# Plain and self-raising flour



## saraht

Help! I need to go to a supermarket here in Italy and need to get some plain flour.  Anyone know how to say it in Italian?  While I'm here, I thought I might as well find out what self-raising flour is too...
Thanks!!


----------



## Saoul

I am not a cook (and not really able to cook anything, actually) but I think it is: FARINA!

if by plain you mean, no maize, wholemeal flour, but just plain flour, you should say, "Farina normale" or "farina semplice"!

Wait for some Pizza experts! They will be able to help you a little more!


----------



## ElaineG

To tell you the truth, I don't recall ever seeing self-raising/rising flour in Italy. I think I looked for it once.
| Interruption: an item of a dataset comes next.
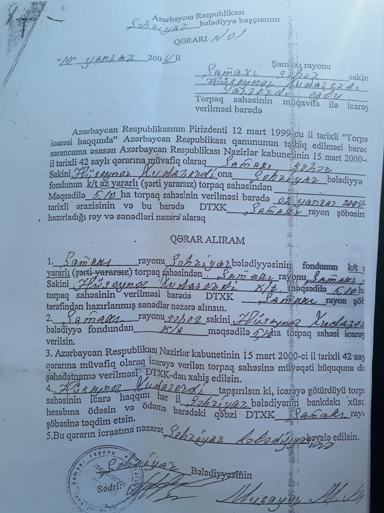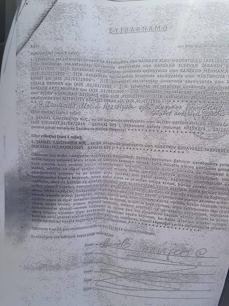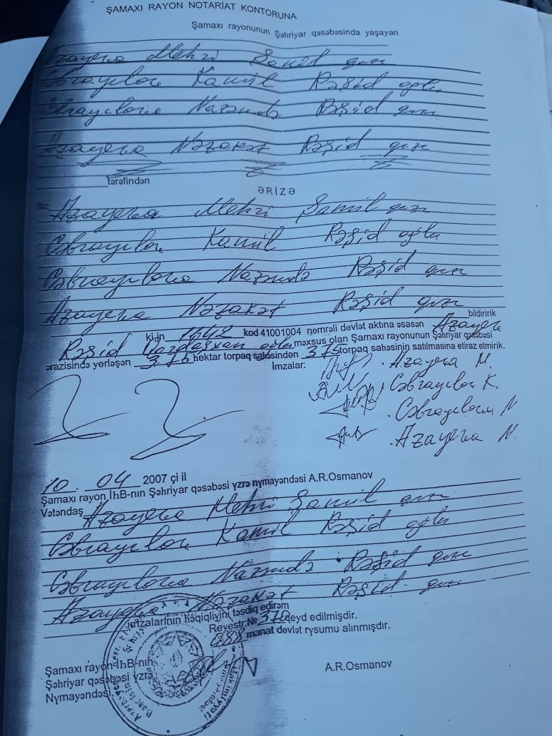 Rubrika.az saytı vasitəsilə ölkə rəhbərliyinə, hüquq mühafizə orqanlarına müraciət edən Şamaxı sakinləri torpaqların ələ keçirilməsi zamanı dəhşətli saxtakarlıqlara imza atıldığını, araşdırmalar aparılarsa daha ciddi faktların üzə çıxarılacağını bildirirlər. Şikayətçilər bildirirlər ki, “Aqro Mədrəsə” ASC-yə məxsus olan 4,27 ha torpaq sahəsi saxta yolla əvvəlcə vəfat etmiş bir şəxsin saxta etibarnaməsi ilə başqa bir vətəndaşın adına sənədləşdirilir, daha sonra həmin vəfat edən şəxsin “etibarnaməsi” ilə Araz Səbzəliyevin (yenə də Səbzəliyevlər!) adına dövr edilir. Nəhayət həmin torpaq sahəsi “Aqro Mədrəsə” ASC-nin balansına keçir. Göründüyü kimi şirkət və Səbzəliyevlər hansı vasitələrlə vətəndaşların torpaq sahələrini ələ keçirirlər.![]()

But I lived in a small town so that would not be indicative.

Per i nostri amici italiani, "self-raising flour" è farina col lievito e sale già mescolati dentro.

Farina "00" (doppio zero) is a very soft fine Italian flour that is ideal for a lot of baking projects. I'd search it out while you're there as it can be difficult to locate outside of Italy if you don't live in a big city (ask Combie).


----------



## saraht

OK, so I can't get self-raising flour.  I'm still not sure what plain flour is in Italian.  I don't recall seeing 'farina normale' or 'semplice' on the supermarket shelves, but thanks for your help anyway!


----------



## ElaineG

saraht said:
			
		

> OK, so I can't get self-raising flour. I'm still not sure what plain flour is in Italian. I don't recall seeing 'farina normale' or 'semplice' on the supermarket shelves, but thanks for your help anyway!


 
Well, what do you mean by plain flour?  If you mean white flour made from wheat suitable for most purposes, I'd get "farina tipo 0" or "farina tipo 00."
Italian flour is graded, and I'm not aware of a product called "farina semplice."


----------



## Saoul

You are right Elaine! There is no such product! 
But in any shop, if you ask for "farina semplice" you can be sure you will not be given any maize, or wholemeal!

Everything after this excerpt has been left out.